La réforme manquée de Bill Morneau

Bill Morneau sort affaibli de l’exercice. D’autant qu’il est surprenant que le ministre fédéral des Finances ait sous-estimé les dommages collatéraux d’une réforme fiscale qu’il voulait majeure et ciblée. Il est contraint à une version lénifiée qui, elle, atteint mieux l’objectif.
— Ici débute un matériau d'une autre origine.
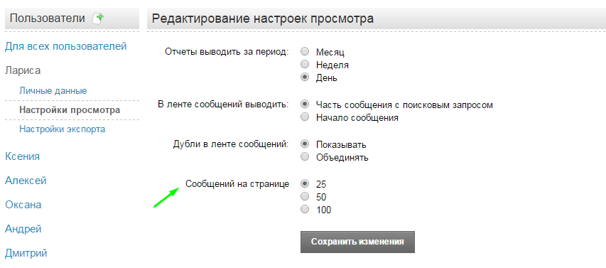 Во-первых, появились возможности гибкой настройки просмотра – теперь каждый пользователь системы может дозировать количество сообщений на странице, отображаемое по умолчанию.

En lançant la période de consultation le 18 juillet, Bill Morneau ne s’attendait pas à créer autant de confusion et de frustration chez les fiscalistes et les conseillers financiers, mais aussi chez les professionnels, les propriétaires de PME et les fermiers. Déjà, une consultation publique de seulement 75 jours, prévue au coeur de l’été, sur un aussi vaste chantier, sonnait faux. Fausse, aussi, était la cible des ménages visés, soit les quelque 50 000 composant le 1 % de la pyramide canadienne. Il appert que plus de 20 000 mémoires ont été déposés, tous dénonciateurs sauf exception.
L’intention initiale, au nom de la défense de la progressivité, était bonne. D’autant que le concept d’incorporation des professionnels introduit par Ottawa connaissait de sérieux dérapages sous la prolifération des sociétés privées. D’autant, aussi, que le mécanisme de fractionnement du revenu, si cher au gouvernement Harper, était devenu inéquitable et source de creusement des inégalités. Il disait avoir dans sa mire les riches professionnels incorporés versant de généreux dividendes à leurs enfants ou encore l’évitement fiscal permis par ces placements passifs concentrés entre les mains d’une poignée de sociétés privées. Mais il tirait dans toutes les directions.
Le ministre Morneau a multiplié les reculs depuis. Il a fait volte-face sur l’exonération cumulative du gain en capital. Puis sur la transformation du revenu sous forme de dividende en gain en capital. Il retient une formule adoucie du fractionnement du revenu avec un critère, subjectif, de raisonnabilité et la notion d’heures travaillées, ces nouvelles règles pour le 1er janvier prochain n’ayant été précisées que mercredi. Et il fixe un plafond aux placements passifs permis, à hauteur d’un revenu de placement de 50 000 $, ce qui, à un taux de rendement de 5 %, permet de laisser dormir des liquidités de 1 million, pour reprendre l’illustration officielle.
Pour dorer la pilule, le taux d’imposition des PME passera de 11 à 10 % en 2018, pour atteindre 9 % en janvier 2019. Un petit clin d’oeil à l’argumentaire d’Ottawa qui, pourtant, parle d’un écart croissant du taux d’imposition entre le particulier à taux le plus élevé et celui des PME venant favoriser le recours à des sociétés privées à des fins de planification fiscale.
En résumé, voilà un bref et sinueux parcours pour accoucher de deux mesures dont l’impact est, certes, mieux dirigé vers la cible. Mais une « réforme » qui alourdit la relation avec l’Agence de revenu du Canada, avec contraintes administratives accrues et fardeau de la preuve ou de démonstration imposé à l’ensemble des sociétés privées.